The tone is sort of half-campy – there are a couple of self-aware jabs, but for the most part, the conceit is played too straight to amuse with its silliness while also not providing hard-hitting thrills. In particular, the itch tag "Psychological Horror" feels completely irrelevant to the content of the VN. I guess it kind of feels like a case of "don't show the monster" taken too literally, since the game doesn't even have a proper action scene or tension sustained past a handful of text boxes; it's really just a vague horror thing happening in the background as the characters make a largely hurdleless escape. The final twist feels too abstract with how scarcely the mechanics and the feel of the thing are established, and the characterization doesn't have enough force behind it to make it land, either.
Also, while this is not my weightiest criticism, I think Mr. CinemaSins would have more than a couple of notes about the plot. A university research project inadvertently spreads some kind of spider zombie disease, a situation that takes place over several days, but literally nobody else seems to notice or care? Like, shouldn't the military be there shooting at stuff, or something? I'm not asking for a fully realistic treatise on how state authorities would respond to this kind of crisis, but the handwavy approach to worldbuilding makes the story come off as a loosely justified video game level.
As far as writing goes, the prose is pretty barebones, and having every sentence in its own text box makes the pacing feel really janky.
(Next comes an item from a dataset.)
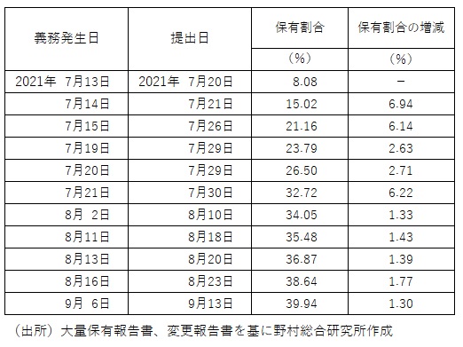 (注4)この規定は、2019年の証券法改正で新たに設けられたものである。また、同改正前は、直近の開示から5%以上の増減が生じた場合の開示については、3日以内に開示し、それまでの間および開示後2日間は追加的な取得または処分を禁じる内容となっていた(2014年証券法86条2項)
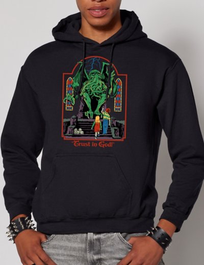 Trust in God, especially the one with enormous claws and green tentacles. This comfortable black hoodie features an official Steven Rhodes design that's guaranteed to earn a few laughs. Officially licensed Exclusively at Spencer's Crewneck Long sleeves Material: Cotton Care: Machine wash; tumble dry low Imported This shirt is Unisex Sizing only For a fitted look, order one size smaller than your normal size Note: This item is print to order and may have a 1 to 2 day extra processing time.

But even being pretty short and hurried, Art Building is not the most economically written visual novel out there – the opening spends a lot of words on slife-of-life mundanity that does nothing to advance the story and little to characterize the main duo. It's kind of unfortunate that the arguably least important parts of the narrative get the most detailed and conscientious writing while the horror scenes rarely linger.
The sound design feels quite sparse in some parts – there is no alarm SFX despite it being prominently described in the narration – and the creature roar feels maybe too digital and distorted to really convey the impression of a monster chasing you. Meanwhile, the backgrounds are hurt by how empty some of the interiors are, with the titular art building consisting of a normal-looking office and a guitar in a vast collection of completely undecorated spaces. I think this contributes a lot to the video game-y feel of the piece. Not a strong package, all in all; I feel like it fails to stick to a tone and doesn't push the horror far enough.